### What you need to do
A faithful copy is needed of the lines below from the one with "häute zwischen den" up to and including the one with "PFS Stofnunin mun"; set it down with no pictures and no other lines.

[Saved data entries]
※ ※ ※

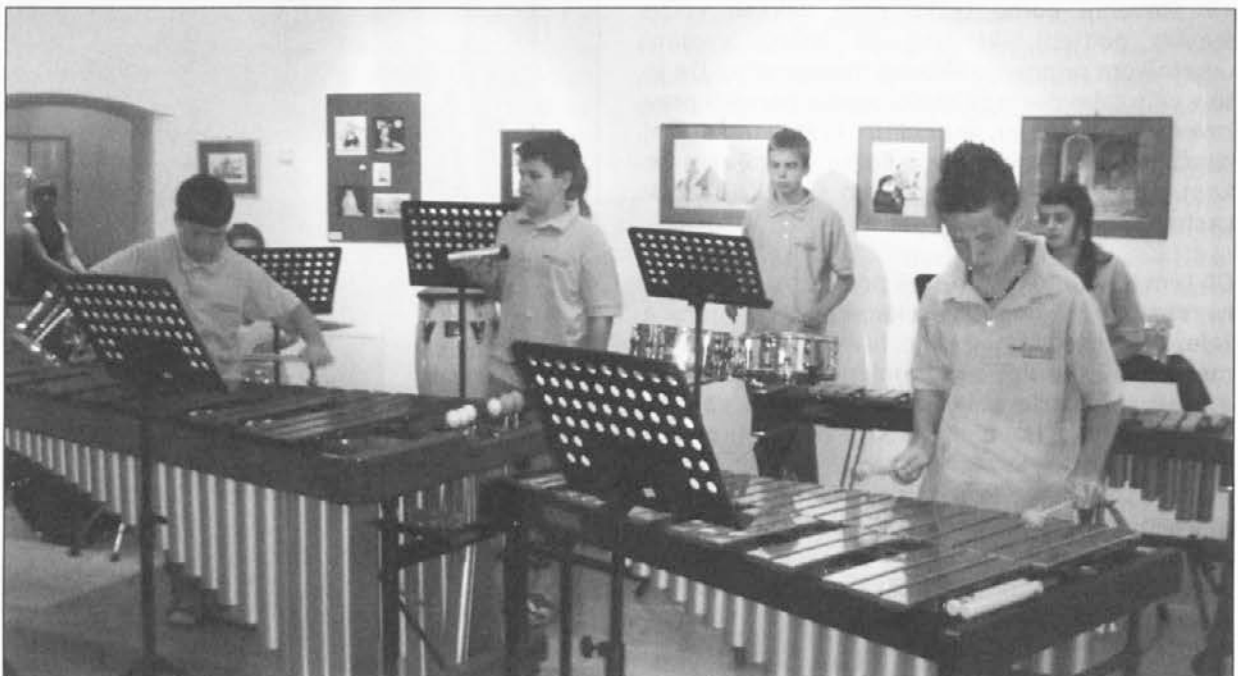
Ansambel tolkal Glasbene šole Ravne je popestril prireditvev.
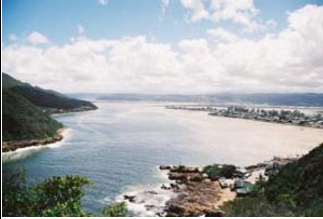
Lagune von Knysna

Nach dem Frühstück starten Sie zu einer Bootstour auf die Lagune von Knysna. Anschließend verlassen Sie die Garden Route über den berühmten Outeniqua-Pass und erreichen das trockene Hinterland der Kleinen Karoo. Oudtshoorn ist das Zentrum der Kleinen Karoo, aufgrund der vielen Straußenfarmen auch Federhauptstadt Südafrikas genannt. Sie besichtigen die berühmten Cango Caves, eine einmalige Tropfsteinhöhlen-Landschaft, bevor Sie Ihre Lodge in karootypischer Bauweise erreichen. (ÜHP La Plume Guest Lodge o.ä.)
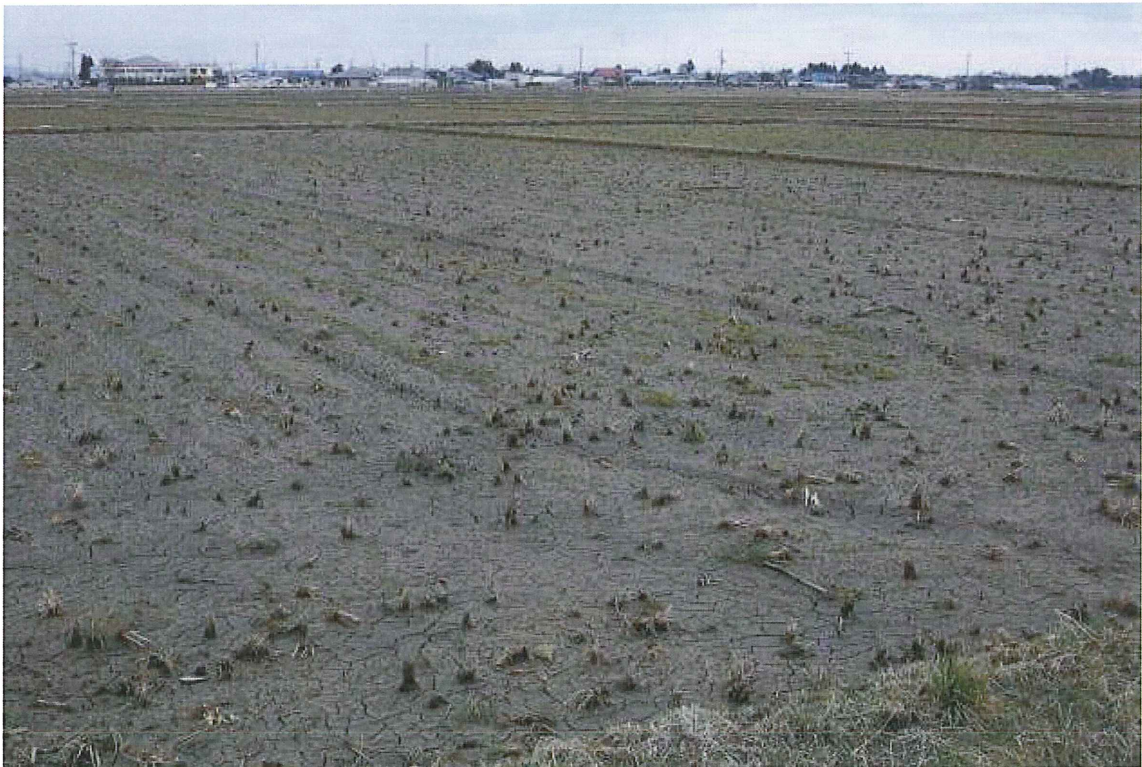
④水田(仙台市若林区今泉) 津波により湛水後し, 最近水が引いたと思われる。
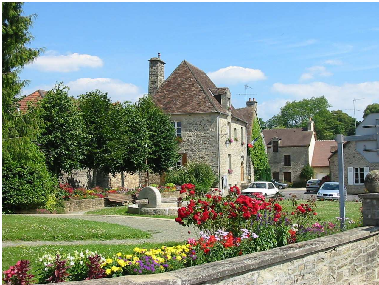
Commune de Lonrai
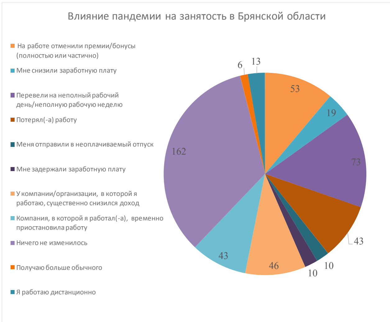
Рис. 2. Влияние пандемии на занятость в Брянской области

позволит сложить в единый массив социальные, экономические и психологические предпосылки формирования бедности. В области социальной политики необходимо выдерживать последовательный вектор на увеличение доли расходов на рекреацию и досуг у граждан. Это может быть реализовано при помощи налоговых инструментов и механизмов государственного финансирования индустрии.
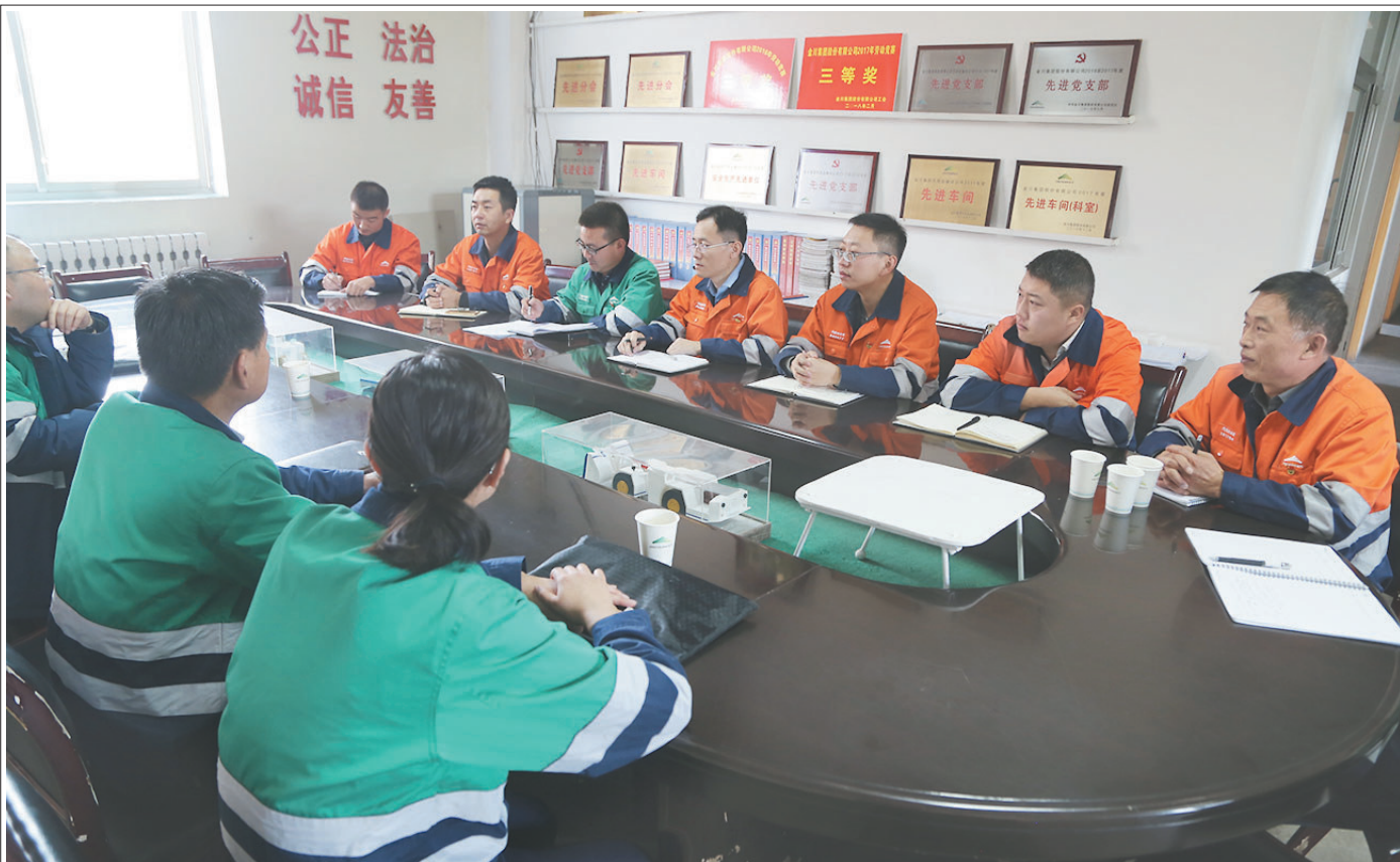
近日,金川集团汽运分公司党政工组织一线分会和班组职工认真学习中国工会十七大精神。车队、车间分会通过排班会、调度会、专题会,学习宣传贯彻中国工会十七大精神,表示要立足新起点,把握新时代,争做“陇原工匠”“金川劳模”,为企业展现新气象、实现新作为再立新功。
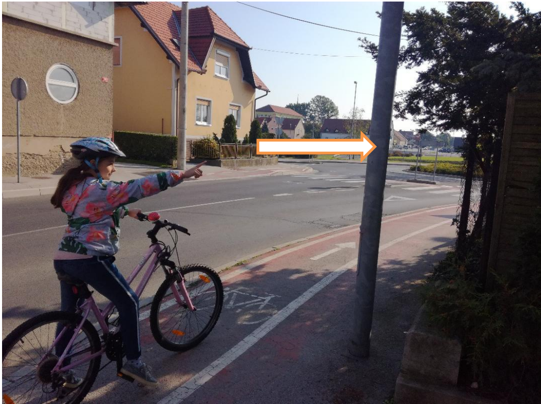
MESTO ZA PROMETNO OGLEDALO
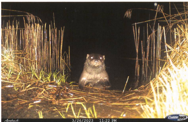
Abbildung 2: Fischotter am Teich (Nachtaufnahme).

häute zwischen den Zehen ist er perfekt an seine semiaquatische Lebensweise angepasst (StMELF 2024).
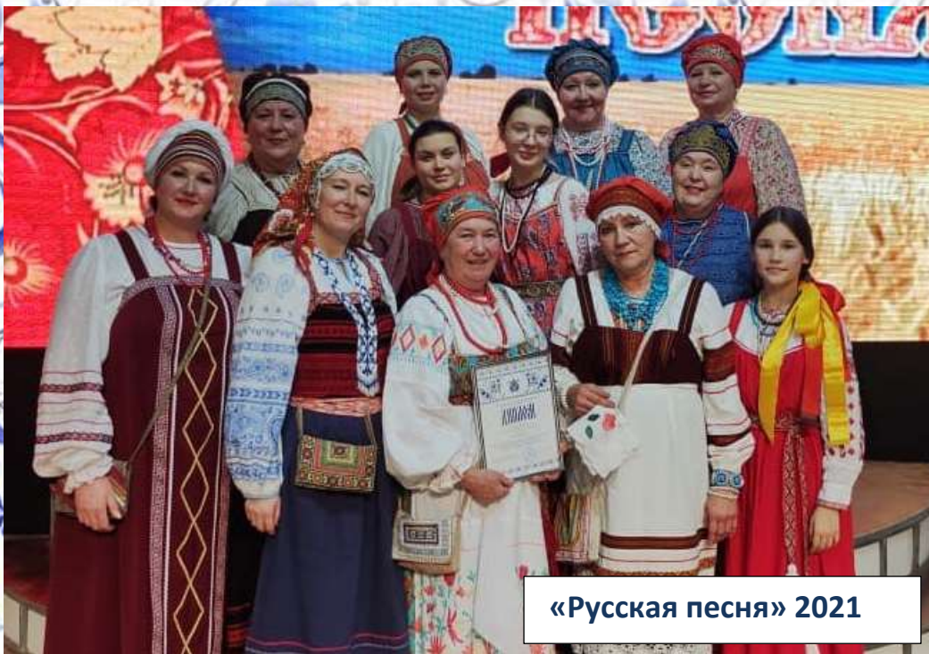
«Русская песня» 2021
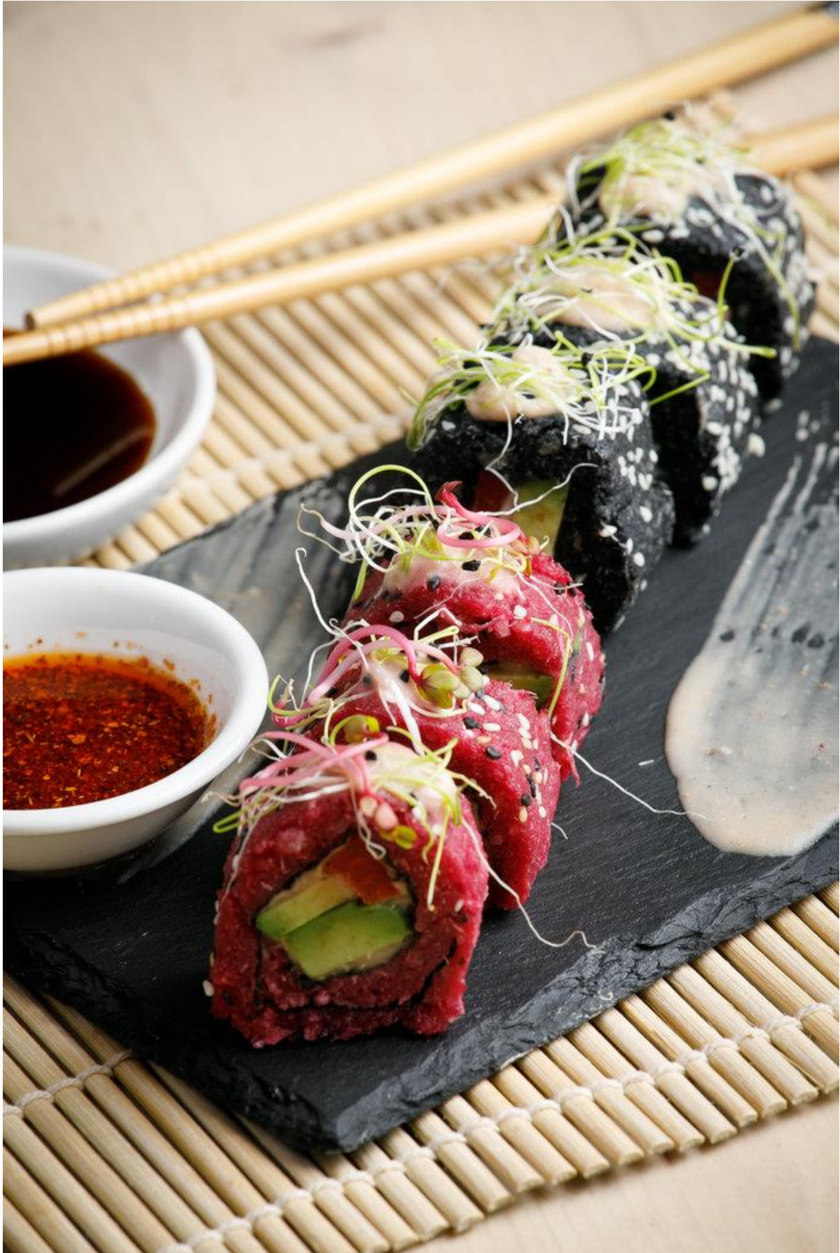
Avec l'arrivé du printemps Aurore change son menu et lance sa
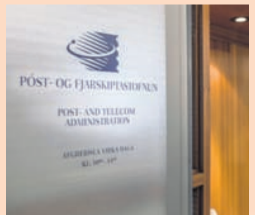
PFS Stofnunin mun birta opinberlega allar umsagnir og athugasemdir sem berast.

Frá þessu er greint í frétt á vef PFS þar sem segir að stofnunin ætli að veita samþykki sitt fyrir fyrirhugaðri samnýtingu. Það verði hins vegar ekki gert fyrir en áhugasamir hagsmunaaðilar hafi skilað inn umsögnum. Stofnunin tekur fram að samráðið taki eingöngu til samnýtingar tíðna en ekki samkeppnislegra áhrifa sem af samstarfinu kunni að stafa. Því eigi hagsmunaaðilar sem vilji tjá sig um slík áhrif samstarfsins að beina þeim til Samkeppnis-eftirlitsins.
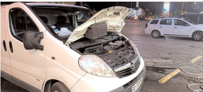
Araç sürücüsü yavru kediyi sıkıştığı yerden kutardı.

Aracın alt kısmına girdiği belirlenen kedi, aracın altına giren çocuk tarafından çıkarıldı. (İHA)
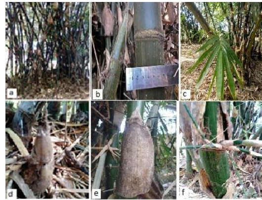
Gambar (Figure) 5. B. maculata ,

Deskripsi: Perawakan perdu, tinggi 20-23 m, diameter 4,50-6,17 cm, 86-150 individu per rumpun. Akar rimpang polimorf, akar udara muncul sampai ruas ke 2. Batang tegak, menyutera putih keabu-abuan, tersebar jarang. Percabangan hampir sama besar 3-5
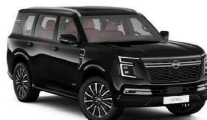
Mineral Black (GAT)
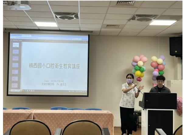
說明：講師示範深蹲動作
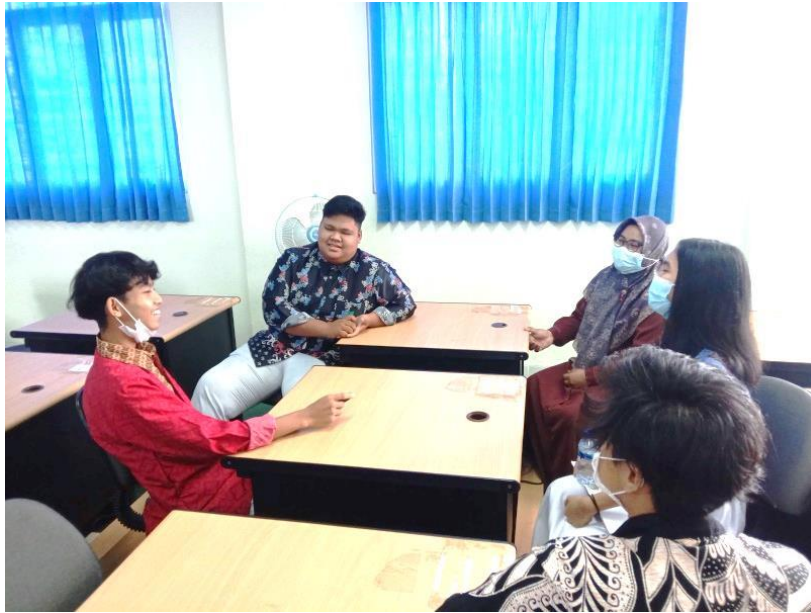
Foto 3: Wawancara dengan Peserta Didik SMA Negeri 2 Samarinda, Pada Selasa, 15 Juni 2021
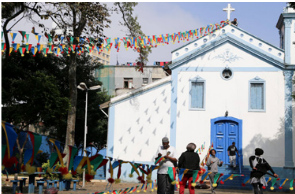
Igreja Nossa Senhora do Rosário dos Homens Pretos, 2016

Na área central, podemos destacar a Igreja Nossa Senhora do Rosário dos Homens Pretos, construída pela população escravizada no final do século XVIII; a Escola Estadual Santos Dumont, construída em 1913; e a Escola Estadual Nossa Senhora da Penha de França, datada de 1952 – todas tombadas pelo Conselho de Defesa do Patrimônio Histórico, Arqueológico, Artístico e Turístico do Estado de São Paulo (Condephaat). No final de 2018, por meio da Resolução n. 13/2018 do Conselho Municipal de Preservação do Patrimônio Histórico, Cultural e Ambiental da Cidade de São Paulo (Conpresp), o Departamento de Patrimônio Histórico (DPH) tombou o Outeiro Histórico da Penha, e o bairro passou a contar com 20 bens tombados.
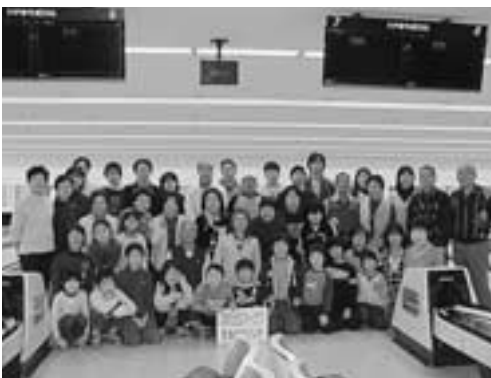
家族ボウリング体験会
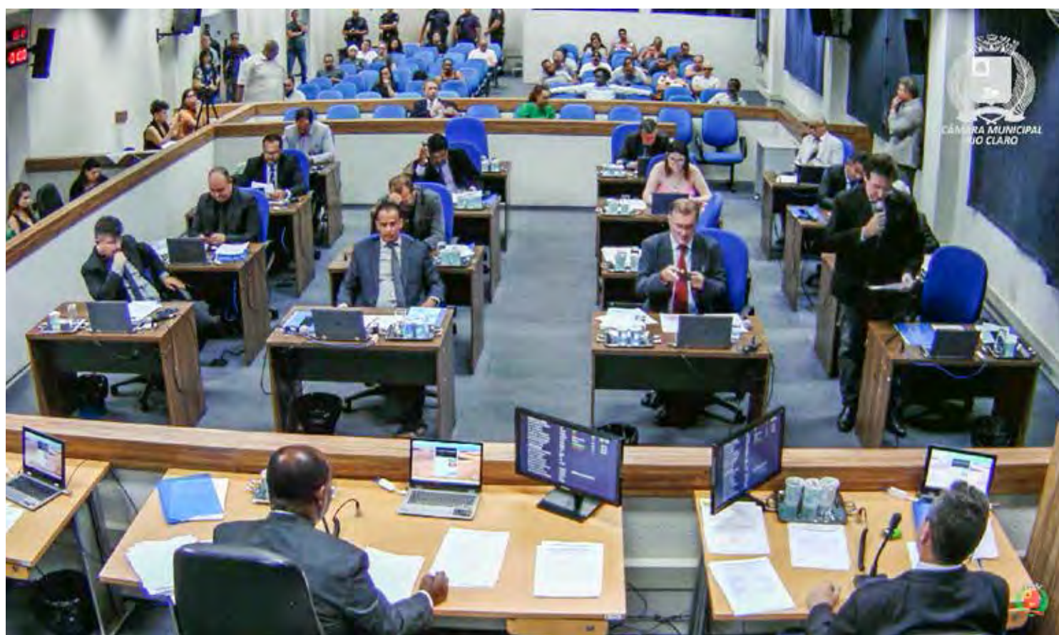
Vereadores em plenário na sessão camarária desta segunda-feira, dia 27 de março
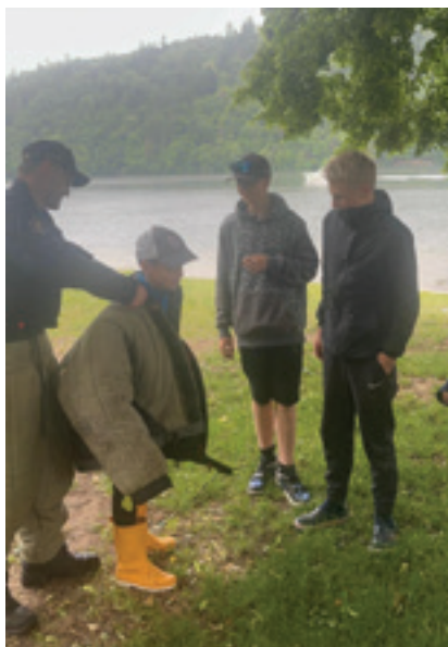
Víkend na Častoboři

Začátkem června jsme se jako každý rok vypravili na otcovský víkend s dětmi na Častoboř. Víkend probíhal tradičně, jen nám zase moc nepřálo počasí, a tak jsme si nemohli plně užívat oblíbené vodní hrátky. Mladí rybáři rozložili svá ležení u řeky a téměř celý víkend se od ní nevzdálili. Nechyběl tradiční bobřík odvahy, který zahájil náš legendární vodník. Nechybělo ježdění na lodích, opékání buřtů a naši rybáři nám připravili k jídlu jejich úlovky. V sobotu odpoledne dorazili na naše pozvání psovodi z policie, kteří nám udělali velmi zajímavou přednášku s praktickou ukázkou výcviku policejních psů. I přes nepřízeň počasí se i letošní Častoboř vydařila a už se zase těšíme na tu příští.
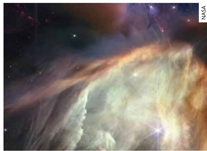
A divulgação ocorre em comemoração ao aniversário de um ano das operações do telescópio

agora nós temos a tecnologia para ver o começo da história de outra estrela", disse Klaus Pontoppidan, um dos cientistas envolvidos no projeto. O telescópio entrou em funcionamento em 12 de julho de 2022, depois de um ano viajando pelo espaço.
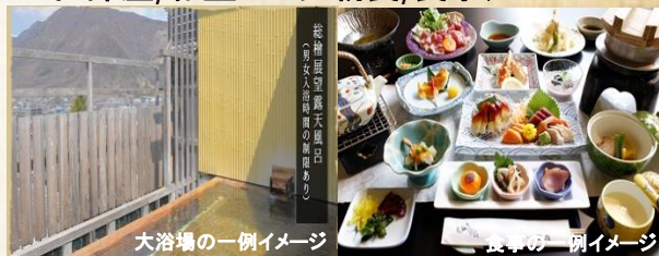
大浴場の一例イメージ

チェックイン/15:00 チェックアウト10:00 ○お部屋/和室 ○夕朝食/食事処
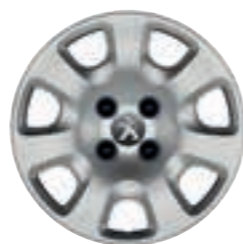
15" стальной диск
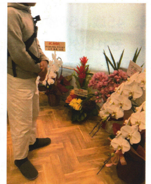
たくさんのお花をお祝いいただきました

※ ※ ※

### Exercise output
häute zwischen den Zehen ist er perfekt an seine semiaquatische Lebensweise angepasst (StMELF 2024).
«Русская песня» 2021
Avec l'arrivé du printemps Aurore change son menu et lance sa
PFS Stofnunin mun birta opinberlega allar umsagnir og athugasemdir sem berast.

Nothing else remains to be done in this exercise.